National Review Online
Saturday, February 28, 2026
Well, it’s going to be the hard way.
President Trump likes to tell adversaries of the United
States that we can do it the easy way or the hard way, and Iran, for the second
time in a year, is finding out what’s entailed in the latter.
In the wee hours of Saturday morning, Trump announced the
start of a massive military campaign. The strikes have been conducted jointly
with Israel, representing an unprecedented level of cooperation between the two
allies.
In a combined air and sea attack, the U.S.–Israeli
strikes hit anti-aircraft capabilities, ballistic missile sites, Islamic
Revolutionary Guard Corps facilities, and top leadership, including Supreme
Leader Ali Khamenei, who in an early stunning success was killed in the raid,
according to Trump and Israeli officials.
In a video statement released early this morning, Trump
explained that since the radical Islamic regime seized power in 1979, it has
been a destabilizing force in the region and a leading sponsor of terrorism
that has been responsible for countless deaths of Americans, including
servicemembers killed in roadside bombings in Iraq. Trump reiterated that he
was committed to ensuring that Iran does not have a nuclear weapon, but
negotiations made it clear that its leaders were never going to abandon their pursuit.
Thus, he said, military action was the only course remaining.
Trump made the case for regime change, but he said
ultimately it would be up to the Iranian people themselves. “When we are
finished, take over your government,” he told them. “It will be yours to take.
This will be, probably, your only chance for generations. For many years, you
have asked for America’s help, but you never got it. No president was willing
to do what I am willing to do tonight. Now you have a president who is giving
you what you want. So let’s see how you respond.”
In what looks to be an early miscalculation, Iran aimed
at U.S. assets in the Arab Gulf states. An Iranian drone hit a high-rise
building in Bahrain, and another one hit the Kuwait International Airport.
Other strikes included sites in the United Arab Emirates, Qatar, and Jordan. As
a result of these actions, Saudi Arabia, which initially tried to stay neutral,
condemned “heinous Iranian aggression” and said that “all capabilities” would be at the disposal of the Gulf
states in any counterattacks against Iran.
As we watch the awesome display of U.S. military might,
we remember that history has given us many reasons to have humility about the
exercise of power. Whenever military force is used, the results are
unpredictable and potentially dangerous. Trump himself warned in his remarks
that there could be U.S. casualties. It’s obviously difficult to effect regime
change from the air, even with Khamenei presumed dead.

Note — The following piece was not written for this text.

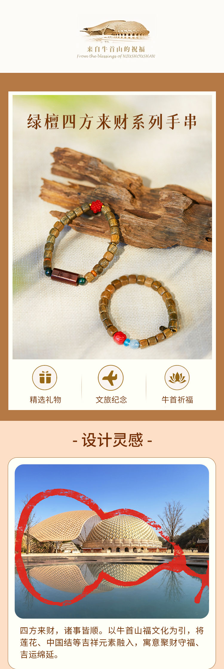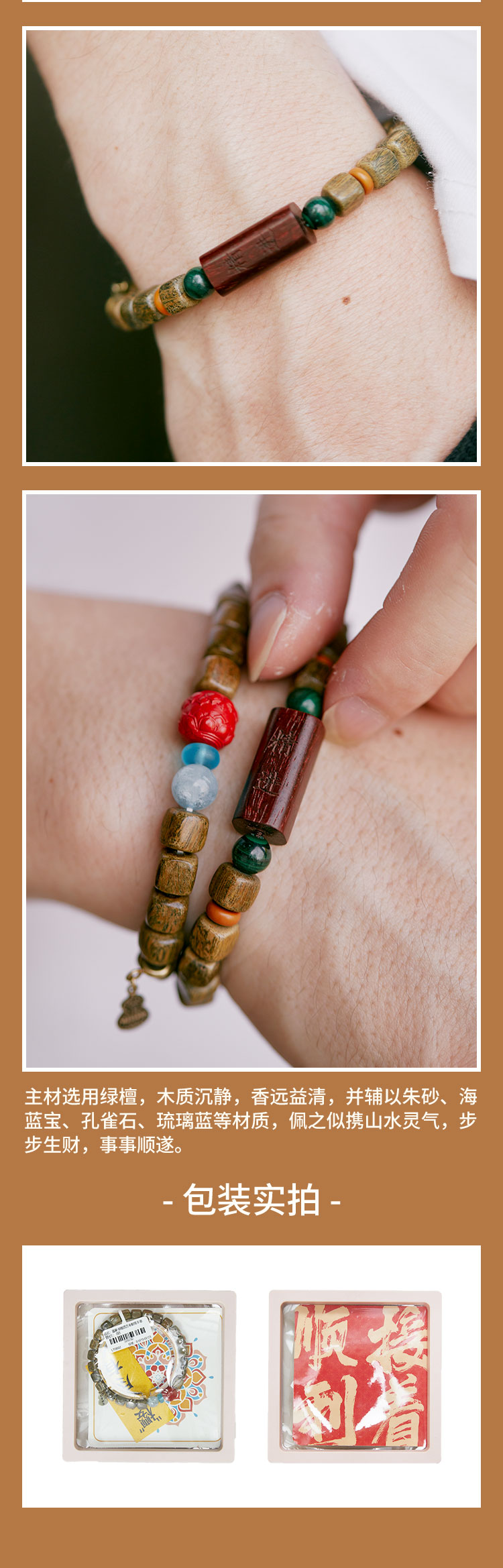 牛首山绿檀四方来财系列手串文玩念珠文玩手串手链送朋友礼物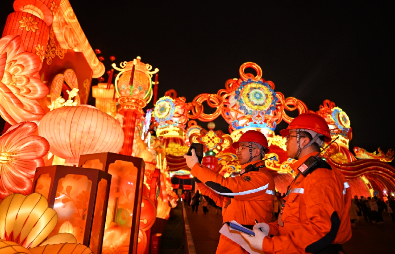 “春节期间,自贡灯会迎来客流量高峰。我们共有35人在这里值守,利用‘电网一张图’监测园区用电设备,第一时间消除安全隐患,确保攀西的风光稳稳地点亮每一盏灯,让游客能尽情享受新春的喜庆氛围。”国网自贡供电公司保电人员陶华欣说。

And we don’t have any
good idea what might replace the Islamic Republic, although it’s hard to see how
— for cold-blooded U.S. purposes — anything could be worse than the
aggressively anti-American, terrorist regime in place in Tehran for nearly the
last 50 years.
Another risk is that expending munitions and military
assets against the Iranian regime will leave America weaker in a potential
fight against China (even if there is also an argument that the fall of the
regime would deprive China of a key ally in the Middle East).
While there is a case to be made that the 2001
Authorization for Use of Military Force was written so broadly that it could
justify this campaign without congressional approval, by shutting out Congress,
Trump has also short-circuited the attempt to make a case to the American
people as to why this action was necessary at this time. Such a campaign of
public persuasion is necessary to sustain any protracted campaign against Iran.
All that said, for decades, the unwritten rule was that
Iran could kill and maim Americans, and we could never directly hit back. To
his credit, Trump rejected this implicit arrangement last year in Midnight
Hammer and, this time, has gone further. The campaign promises, at the very
least, to lay waste to the nuclear and military infrastructure of the Iranian
regime. This will set back these programs and capabilities in a way that will
be difficult to recover from any time soon and will make it impossible for the
regime to project its malign influence throughout the region on the level we’ve
seen in recent decades.
Too often, American leadership has taken the easy way out
by looking the other way regarding Iranian perfidy or seeking to paper it over
with foolish diplomatic deals. In this sense, too, Trump is taking the hard
way. We wish him and the U.S. military every success.